Optimizing our Elastic Stack?

We're starting to witness a heavy CPU Load on our stack and were hoping to get some help in understanding how we can lessen these. Our current topology is as follows.

Hosted on AWS EC2
5 Master/Data Nodes of M5x4x Large
2 Coodinating Nodes of M4x4x Large
Java heap set to less than 50% of max of 64GB
Total no of documents / day ! 100,000
Total no of documents overall ! 2 million

The cluster stats is extremely large so I've collated our Stats on this page:
Cluster Stats

The nodes stats are listed here:
Node Stats

The links to your stats are broken.

Indexing 100k documents per day sounds fairly light. Are you searching them very heavily?

How many indices do you have, and how many shards?

we have about 40 indices (rotating monthly) and around 250 Shards. Thats just the thing - we did some analysis in our logs and audit to see what could be causing the spikes. The only thing that could stand out was wildcard search in our indexe's free form field.
For example searching for "Susan" In a column called "conversation". But those are one-off spikes. We're seeing a continuous CPU Load of 70-80% on the Data Nodes which eventually brings down elastic (Red Indices state)

Cluster Stats:

Node Stats:

This should not be a resource-intensive search. One thing to try is to look at GET _nodes/hot_threads to see what the nodes are busy doing.
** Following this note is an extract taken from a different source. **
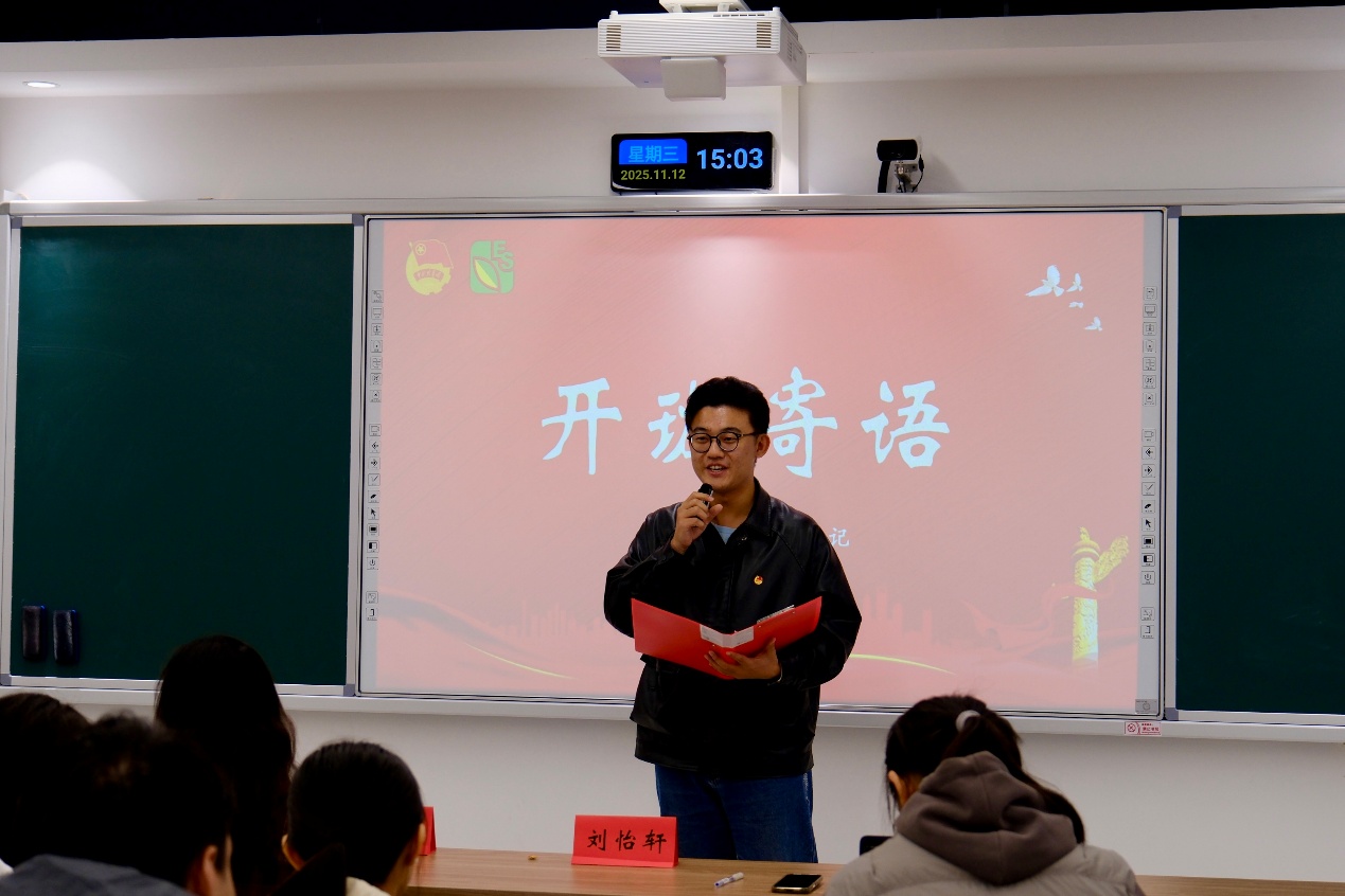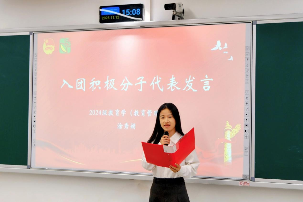 倾听青年心声,凝聚奋进力量。2024级教育学(教育管理)专业涂秀娟作为入团积极分子代表发言。她结合自身参与志愿服务和乡村振兴调研的经历,分享了对共青团组织的向往与感悟,并呼吁全体入团积极分子增强学习主动性,为成为一名合格共青团员奠定坚实基础。

I can't see any nodes reporting CPU load of 70-80% in the stats you've shared, although the website you've used to share your stats seems to have a very broken in-page search function so it's hard to be sure. Can you name a specific node that you think has such high CPU in those stats?

Could you use something better-suited to sharing text documents like https://gist.github.com in future?

Normally when something "brings down Elastic" there are copious logs describing what went wrong. Have you looked at them? What do they say?

we dont have the current node stats. but when It hits those CPUs again - I'll post back here with both hot threads and node_stats. I'm curious - is the Master/Data Node structure we've chosen in the OP - does that sound like an optimal setup?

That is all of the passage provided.